→ **REQUIRED WORK**: Here the job is to transcribe only the lines from the one containing "Something to put" through the last line below, exactly as written; please leave out pictures.

→ **DATA SUPPLIED**:
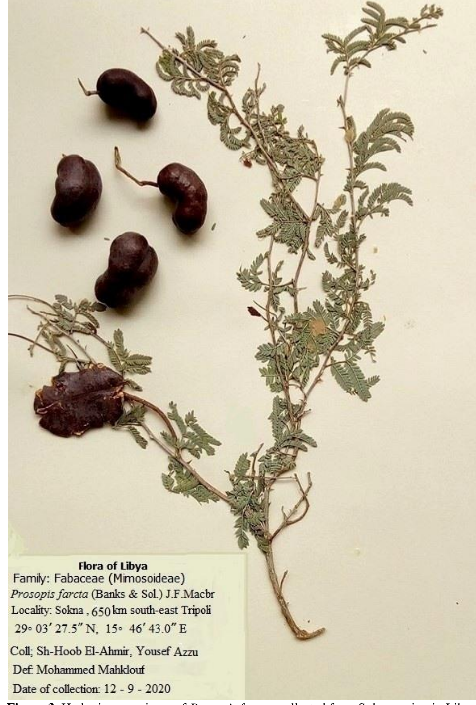
Figure 3. Herbarium specimen of Prosopis farcta. collected from Sokna region in Libya.
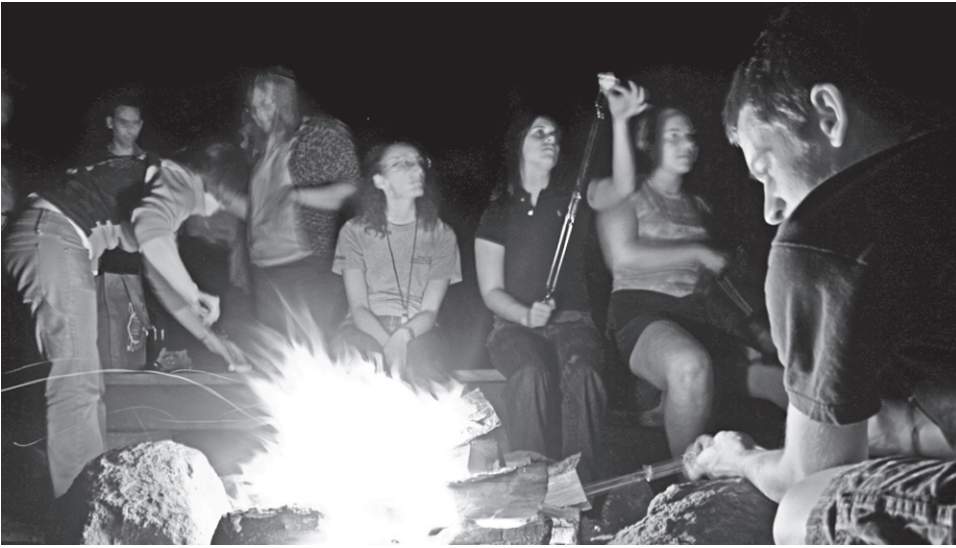
The new academic year kicked off with a number of events this fall, including this Friday night bonfire at Picnic Point.
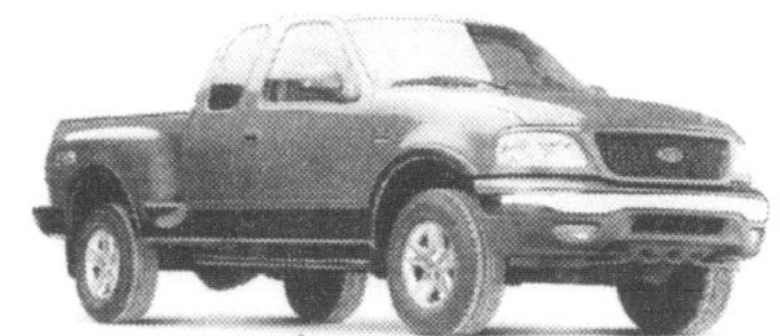
2003 Ford F-150
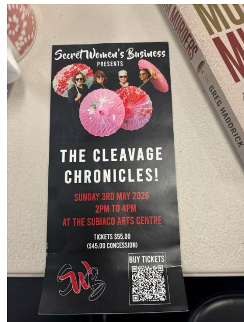
Something to put in the diary. Celia's friend is performing in "The Cleavage Chronicles" at the Subiaco Arts Centre on Sunday 3rd May at 2 -4 pm. Tickets $55 Concession $4
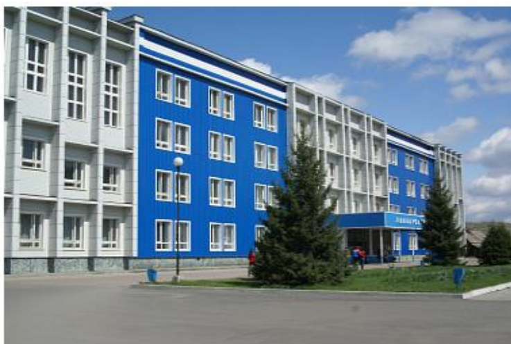
Figure. Main building of Gorno-Altai State University.

The Opening Ceremony of ISAM 11 and plenary talks will be held August 3 at 10 a.m. in the main building of Gorno-Altai State University (Room № 143, 2nd Floor, Lenkin Str., 2, Gorno-Altai town, Altai Republic). https://eduscan.net/colleges/gasu
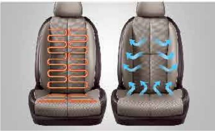
HEATED AND COOLED SEATS. Available heated front and rear seats help ensure comfortable driving in cold weather. Enjoy optimal comfort in warm weather with available air-cooled front seats that circulate cool air through perforations in the seat leather.
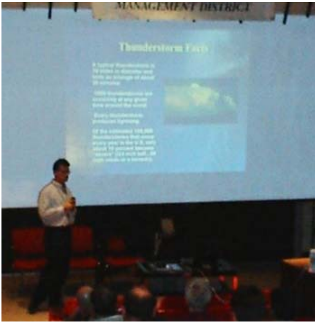
Here, our Instructor from the NWS does an admirable head of filling our heads with

→ **RESPONSE AREA**:
Something to put in the diary. Celia's friend is performing in "The Cleavage Chronicles" at the Subiaco Arts Centre on Sunday 3rd May at 2 -4 pm. Tickets $55 Concession $4
Figure. Main building of Gorno-Altai State University.

The Opening Ceremony of ISAM 11 and plenary talks will be held August 3 at 10 a.m. in the main building of Gorno-Altai State University (Room № 143, 2nd Floor, Lenkin Str., 2, Gorno-Altai town, Altai Republic). https://eduscan.net/colleges/gasu
HEATED AND COOLED SEATS. Available heated front and rear seats help ensure comfortable driving in cold weather. Enjoy optimal comfort in warm weather with available air-cooled front seats that circulate cool air through perforations in the seat leather.
Here, our Instructor from the NWS does an admirable head of filling our heads with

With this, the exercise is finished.